There has been little systematic research to explore potential risks of these platforms, as well as systematically characterize error types and error rates. This study aimed to determine the capabilities of widely used, general-purpose conversational assistants in responding to a broad range of medical questions when asked by laypersons in their own words and sought to conduct a systematic evaluation of the potential harm that could result from patients or consumers acting on the resulting recommendations. The study authors found that when asked questions about situations that require medical expertise, conversational assistants failed more than half of the time and led study participants to report that they would take actions that could have resulted in harm or death. Further, the authors characterized several failure modes, including errors due to misrecognition of study participant queries, study participant misunderstanding of tasks and responses by the conversation assistant, and limited understanding of the capabilities of the assistants to understand user queries. This misalignment of expectations by users that assistants can follow conversations/discourse led to frustrating experiences by some study participants.
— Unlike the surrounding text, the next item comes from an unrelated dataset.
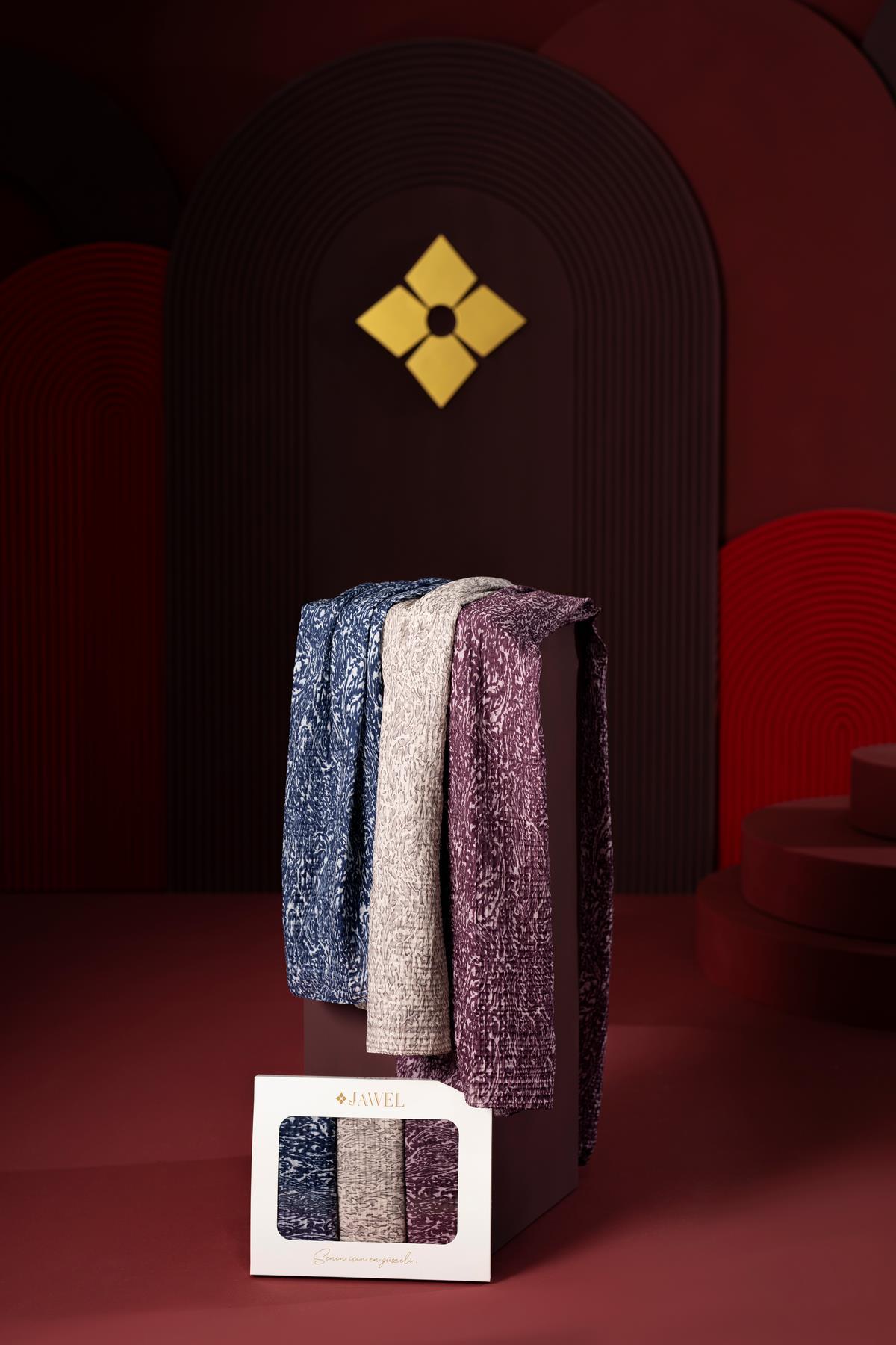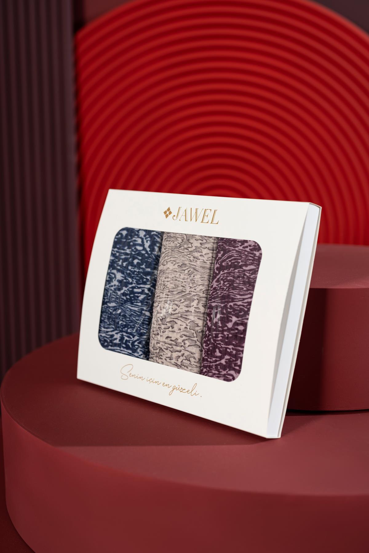 Kadın Müslin Şal Paketi Tyana (Lacivert-Krem-Mürdüm)

Not only do these findings make important contributions to the literature of health information–seeking behaviors and limitations via conversational assistants, the study design highlights relevant approaches to evaluating interactions between users and conversational assistants and other voice-activated platforms. The authors designed a range of everyday task scenarios that real-life users may be experiencing and that can lead to querying home or smartphone devices to seek health- or medical-related information. These scenarios were also written with a level of real-life complexity that incorporated multiple facts to be considered for a successful resolution and the potential of harmful consequences should the correct course of action not be taken. In addition, they allowed study participants to interpret these task scenarios and query the conversational assistants in their own words, which further aligned with how users would typically interact with their devices.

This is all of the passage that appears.